Neuromorphic challenge to Nvidia?

With today's news that Nvidia has become the world’s most valuable company, it is clear that there is huge level of interest and investment in future computing technologies. Nvidia's historical focus on graphics processing has left it well placed to capitalise on the demands of artificial intelligence (AI) algorithms for highly parallel computing architectures. Power consumption remains, however, a major challenge for all providers of AI hardware.

Alternative computer architectures are also receiving significant interest, with the aim being to provide powerful computing performance, but without the high power consumption associated with traditional computing.

As highlighted in this article from the BBC, a dramatically different approach takes inspiration from the brain. In neuromorphic computing, electronic devices imitate neurons and synapses, and are interconnected in a way that resembles the electrical network of the brain. The approach itself has been a research topic for many years. SpiNNaker, a technology platform that has been developed at the University of Manchester, is an ARM-based processor platform optimized for the simulation of spiking neural networks. Companies, such as SpiNNcloud Systems, are now integrating this core technology into practical solutions in the form of neuromorphic supercomputers.

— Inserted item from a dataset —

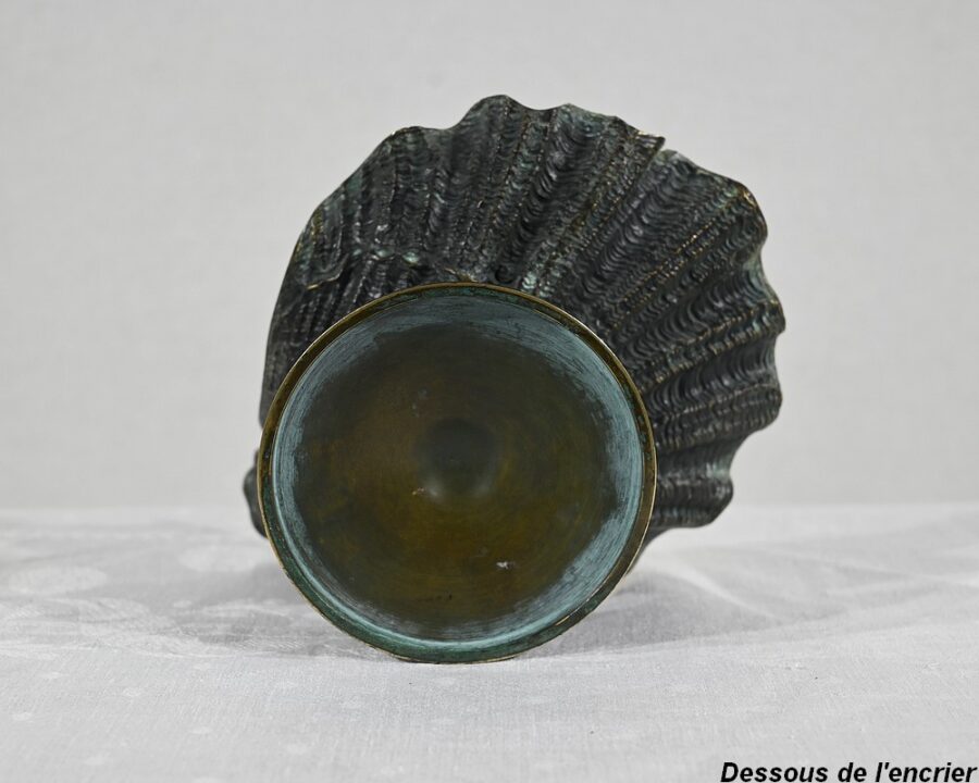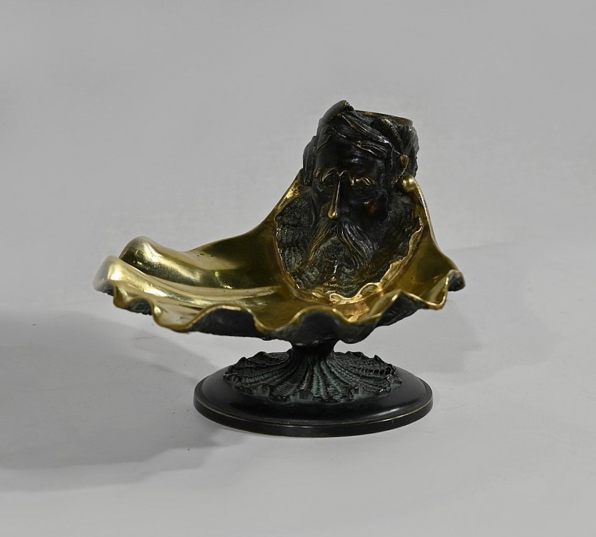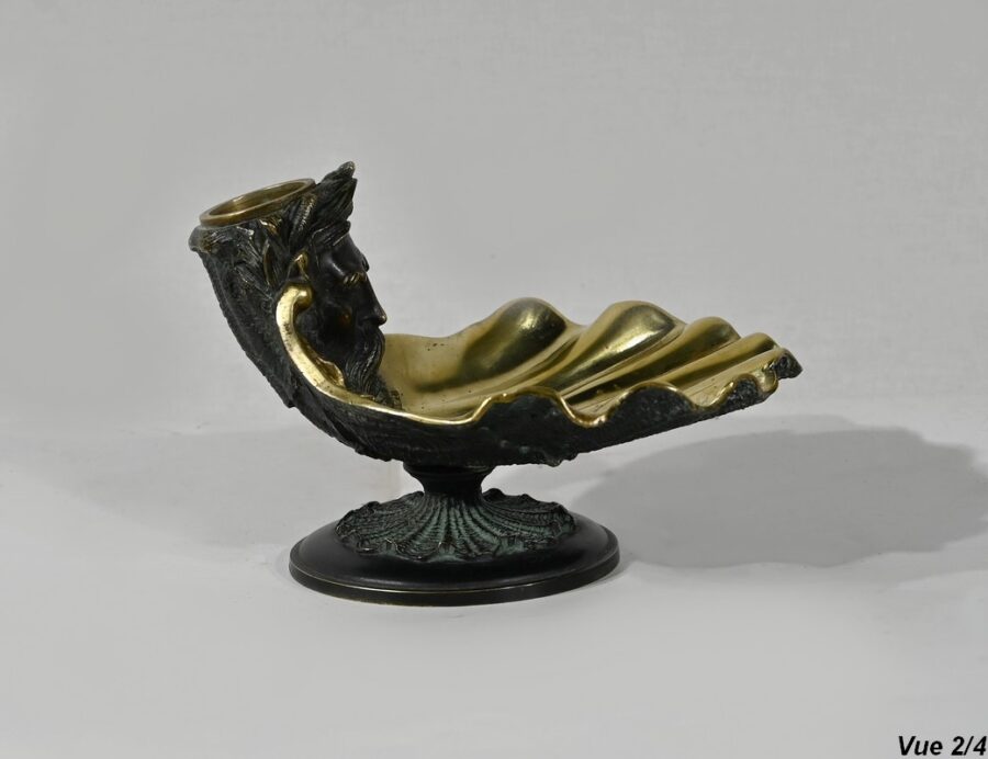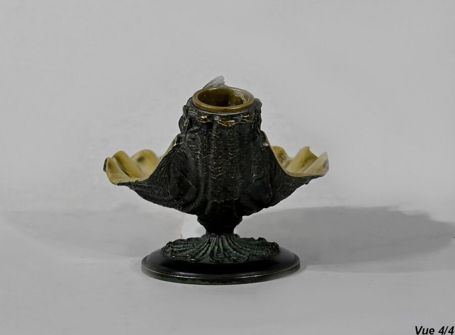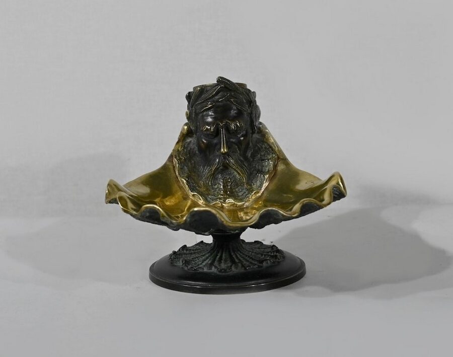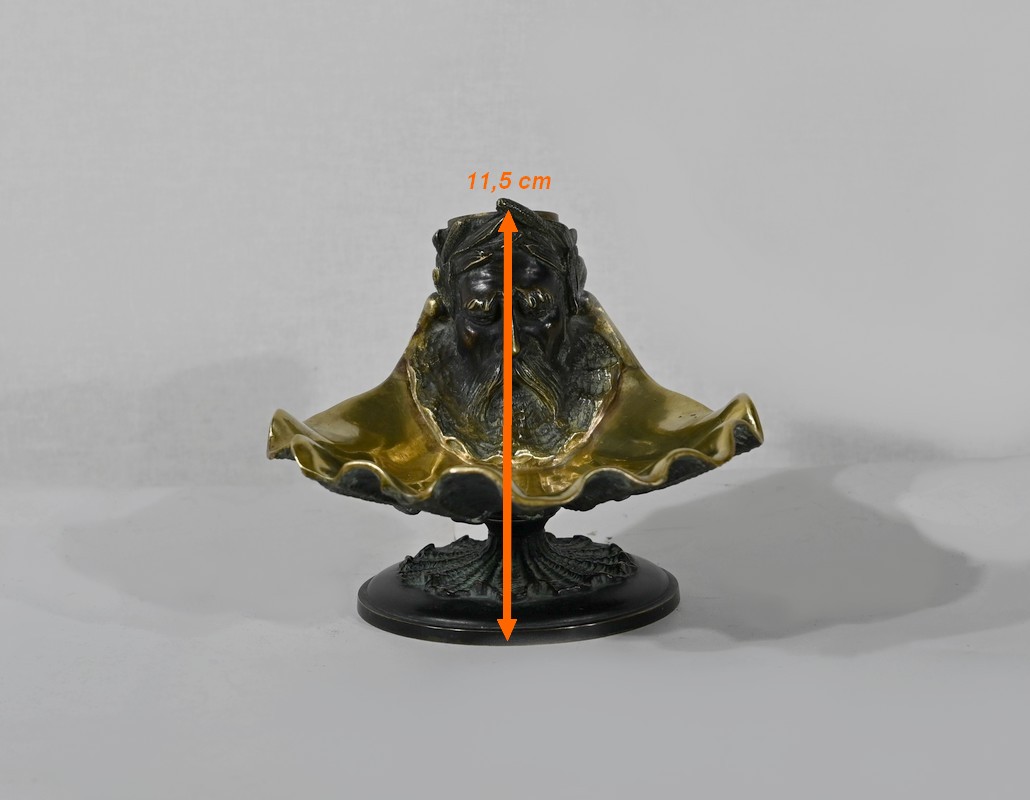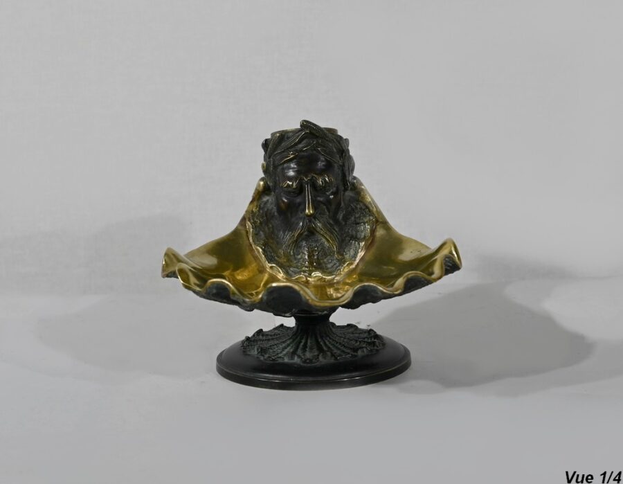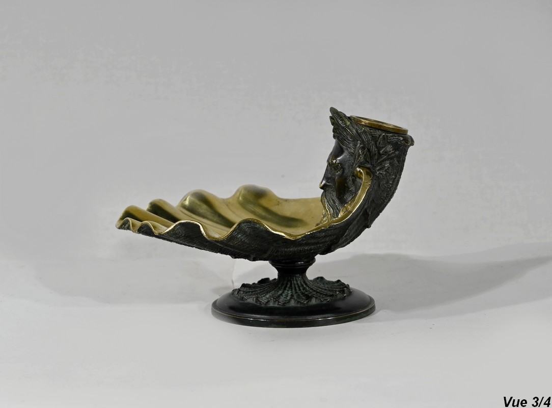 Encrier coquille en bronze à patine dorée à l’intérieur et brune à l’extérieur. Le récipient représente le visage de Neptune, Dieu des eaux vives et des océans.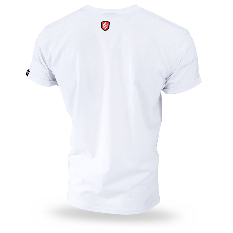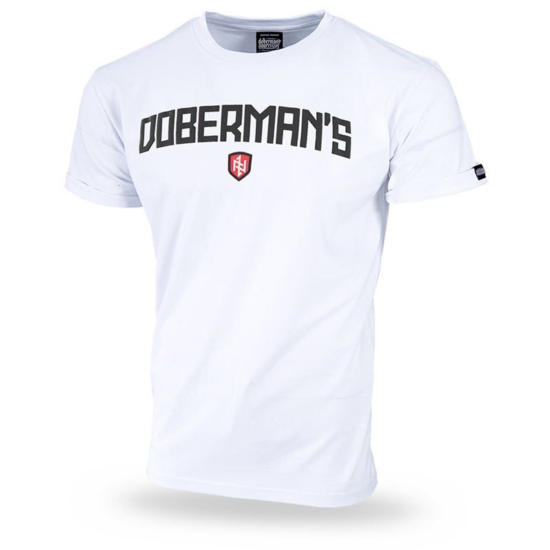 Męski T-shirt o klasycznym kroju wykonany z wysokogatunkowej bawełny. Koszulka posiada krótki rękaw z metką na której jest logo marki. Na przodzie znajduje się duży napis DOBERMAN’S wykonany drukiem wypukłym wraz z haftowaną naszywką tarczy ze znakiem runicznym która znajduje się pod napisem. Na karku znajduję się ta sama naszywka w mniejszym rozmiarze.

While the advance of AI algorithms into ever-expanding areas of daily life is widely reported, it can also be understood that these advances are enabled by the hardware innovations of companies such as Nvidia and SpiNNcloud, which innovations will undoubtedly be protected by patents. It remains to be seen whether Nvidia's approach, the neuromorphic alternatives, or some other computing technology altogether, will come to dominate the future of AI computing.   

In neuromorphic computing, electronic devices imitate neurons and synapses, and are interconnected in a way that resembles the electrical network of the brain.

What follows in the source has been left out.